┌────────

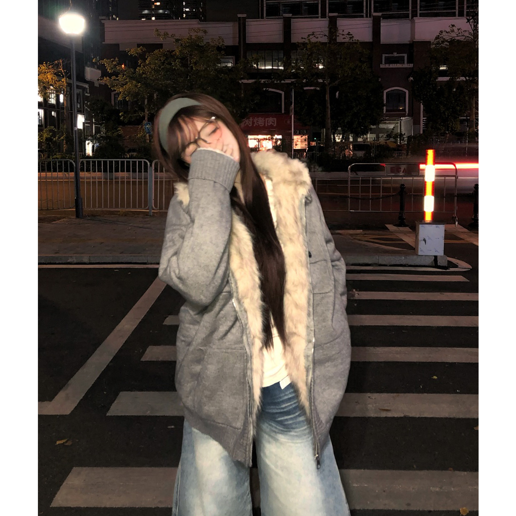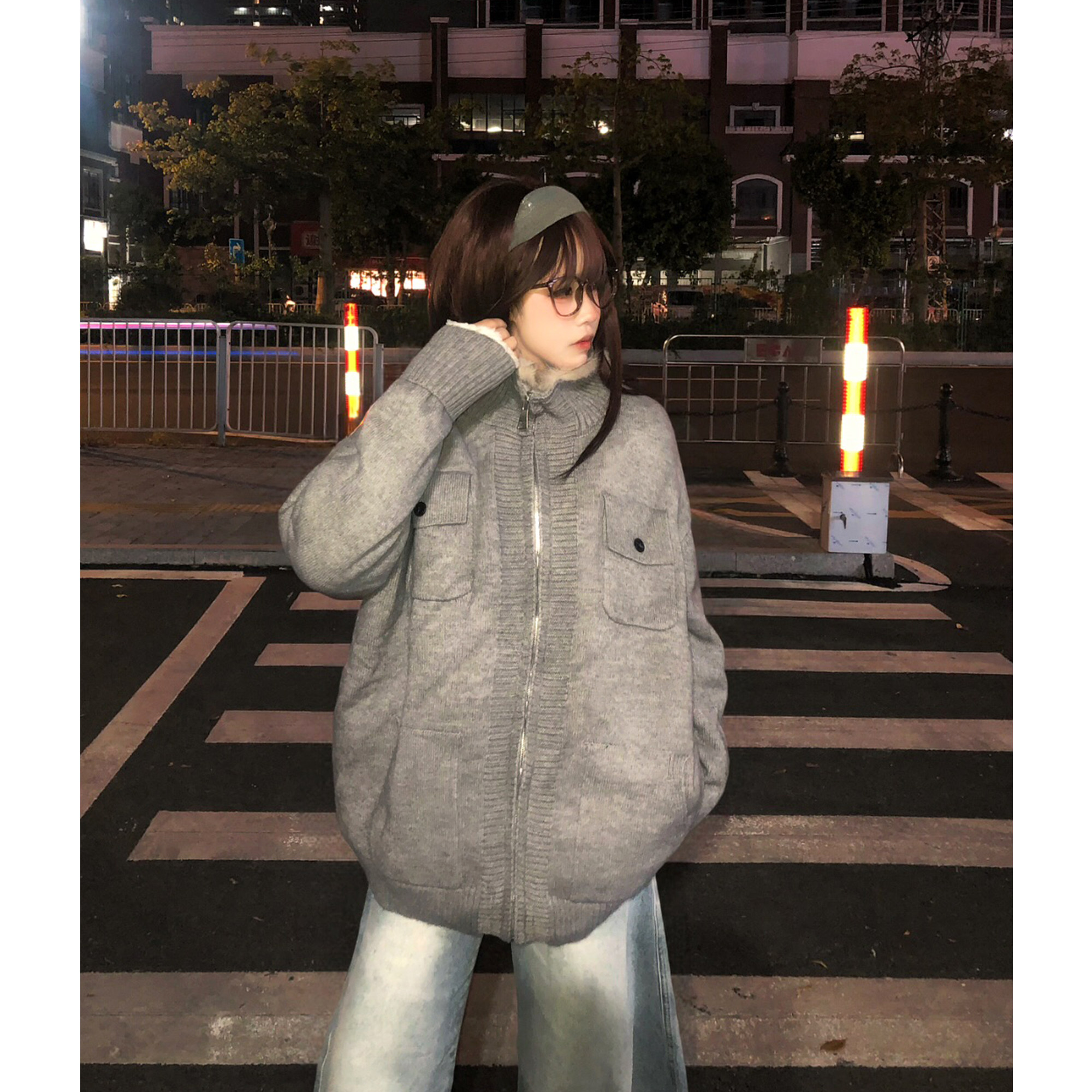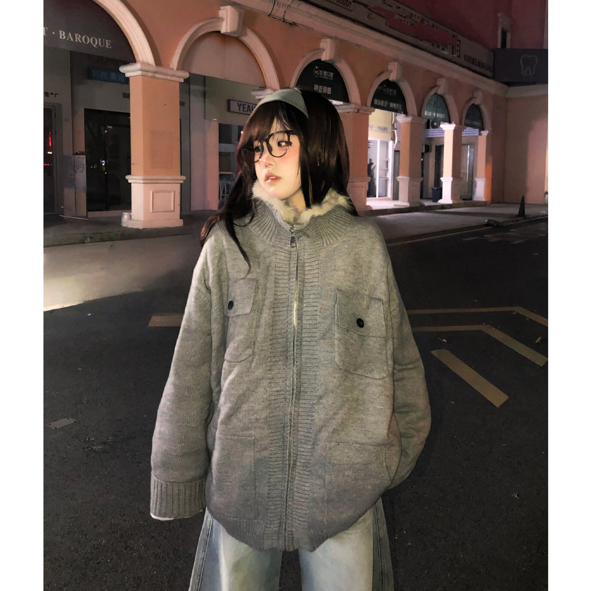 土豆猫复古加绒座山雕针织外套女
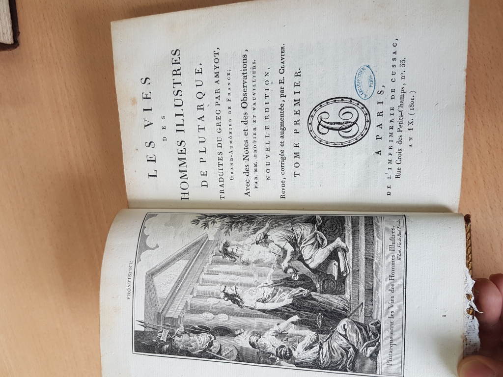 "Il s'agit du livre "les vies des hommes illustrés traduit du grec par Amyot, avec des notes et des observations par mm brotier et vauvilliers. Cette édition est réalisée à Paris de l'imprimerie de cussac, An IX (1801)."
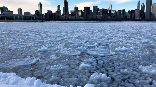 한파가 강타한 미국 일리노이주 시카고 미시간 호숫가에서 포착된 모습입니다.
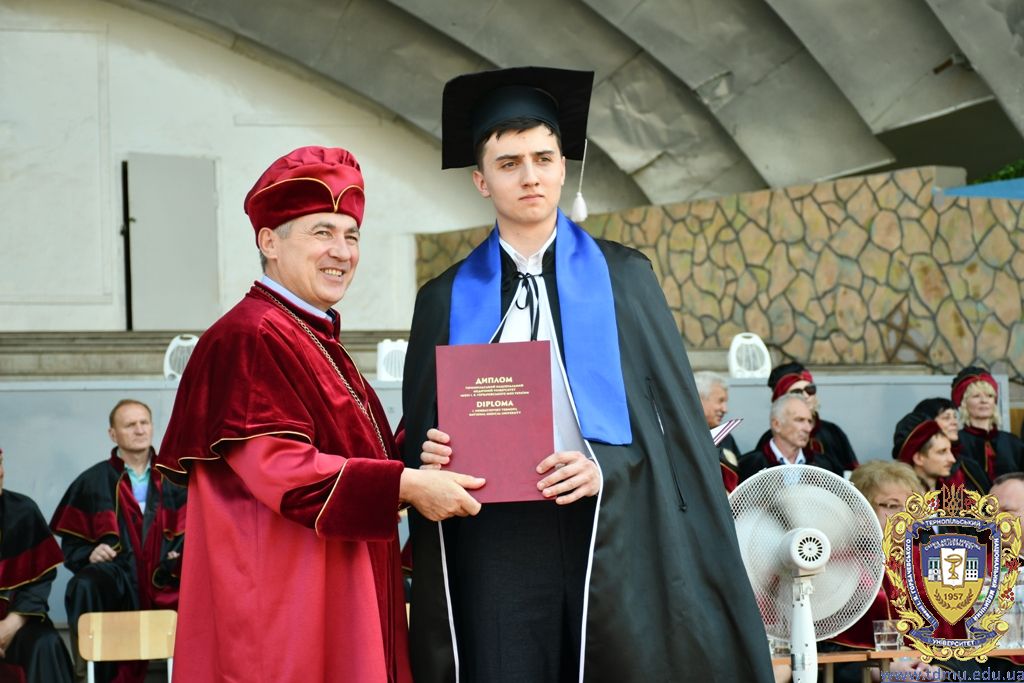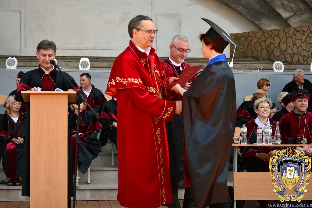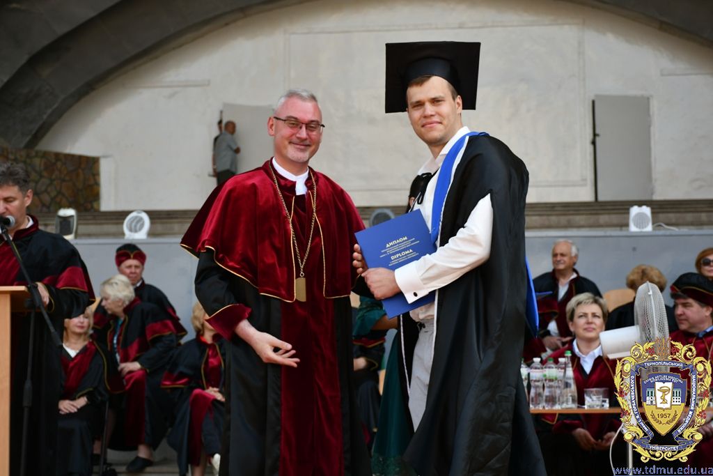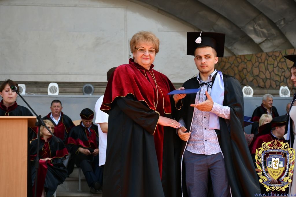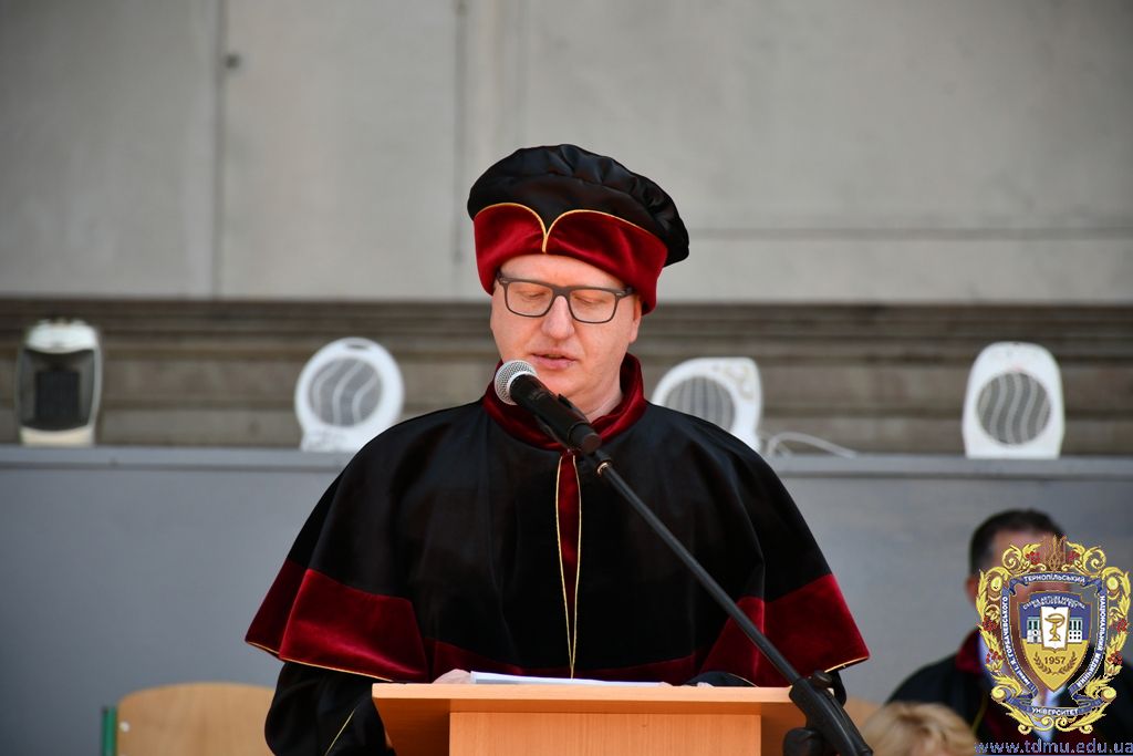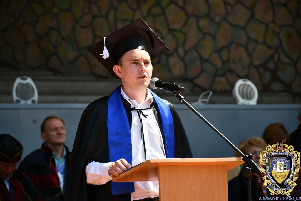 «Від імені вченої ради і професорсько-викладацького складу університету вітаю вас з цією знаменною подією у вашому житті. Сьогодні ви отримуєте квиток у самостійне майбутнє. Перенесіться подумки на хвилину на 5-6 років назад. Згадайте заповнену щасливими посмішками нових студентів нашого університету урочисту залу Палацу культури «Березіль». Вони щойно пройшли посвяту і матрикуляцію. Тоді вам здавалося, що навчання буде довгим і тривалим. Погодьтеся, що цей час промайнув дуже швидко. Тепер згадайте найкращі моменти вашого студентського життя, в якому були не тільки лекції, іспити, а й багато яскравих моментів – нові зустрічі, знайомства, відпочинок, подорожі. Студентство – це найкраща пора в житті кожної людини, це особливий стан душі, найкращий час для самореалізації і самовизначення, реалізації своїх мрій. Переконаний, що ви ще не один раз будете згадувати з ностальгією і приємністю час, проведений в Тернопільському медичному університеті. Багато моментів з цього студентського життя ви втрачаєте назавжди, але з іншого боку цей день є радісним, бо він дає світло надії і радість зустрічі з майбутнім. Сьогодні – це той момент, коли ви вступаєте на свою широку і незалежну життєву дорогу.
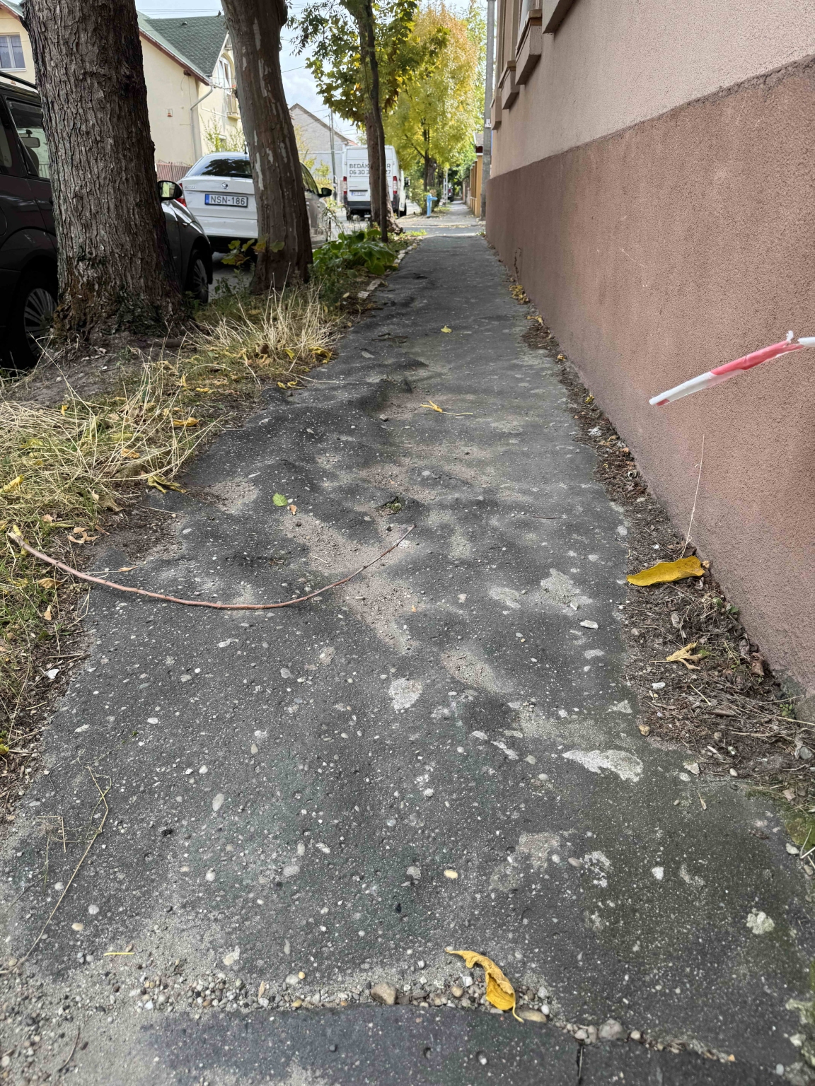 A járdát a fa gyökerei felnyomták, életveszélyes a közlekedés rajta. Megáll a víz, csúszik. Biztos bokaficam.
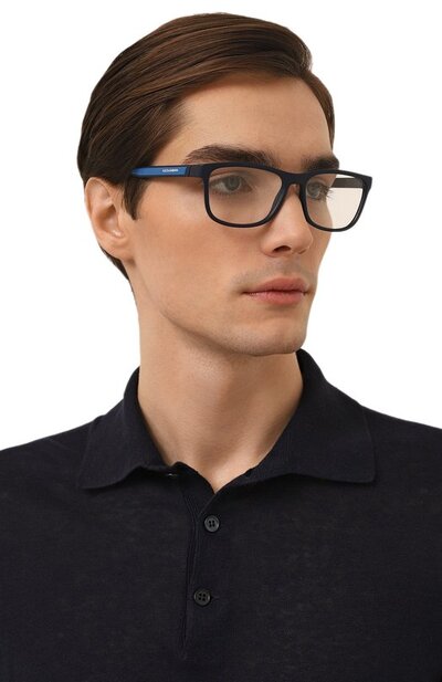 Тонкую прямоугольную оправу мастера марки выполнили из прочного легкого пластика, который остается теплым на ощупь и в холодную, и в жаркую погоду. Узкие дужки декорировали ярко-синими вставками с миниатюрным белым логотипом, деликатно указывающим на принадлежность аксессуара бренду.

└────────

WHAT YOU WILL DO:
With the pictures omitted, write out exactly the lines from the one that contains "незалежну життєву дорогу." through the final line of the material above, both ends included.

OUTPUT OF THE EXERCISE:
 «Від імені вченої ради і професорсько-викладацького складу університету вітаю вас з цією знаменною подією у вашому житті. Сьогодні ви отримуєте квиток у самостійне майбутнє. Перенесіться подумки на хвилину на 5-6 років назад. Згадайте заповнену щасливими посмішками нових студентів нашого університету урочисту залу Палацу культури «Березіль». Вони щойно пройшли посвяту і матрикуляцію. Тоді вам здавалося, що навчання буде довгим і тривалим. Погодьтеся, що цей час промайнув дуже швидко. Тепер згадайте найкращі моменти вашого студентського життя, в якому були не тільки лекції, іспити, а й багато яскравих моментів – нові зустрічі, знайомства, відпочинок, подорожі. Студентство – це найкраща пора в житті кожної людини, це особливий стан душі, найкращий час для самореалізації і самовизначення, реалізації своїх мрій. Переконаний, що ви ще не один раз будете згадувати з ностальгією і приємністю час, проведений в Тернопільському медичному університеті. Багато моментів з цього студентського життя ви втрачаєте назавжди, але з іншого боку цей день є радісним, бо він дає світло надії і радість зустрічі з майбутнім. Сьогодні – це той момент, коли ви вступаєте на свою широку і незалежну життєву дорогу.
 A járdát a fa gyökerei felnyomták, életveszélyes a közlekedés rajta. Megáll a víz, csúszik. Biztos bokaficam.
 Тонкую прямоугольную оправу мастера марки выполнили из прочного легкого пластика, который остается теплым на ощупь и в холодную, и в жаркую погоду. Узкие дужки декорировали ярко-синими вставками с миниатюрным белым логотипом, деликатно указывающим на принадлежность аксессуара бренду.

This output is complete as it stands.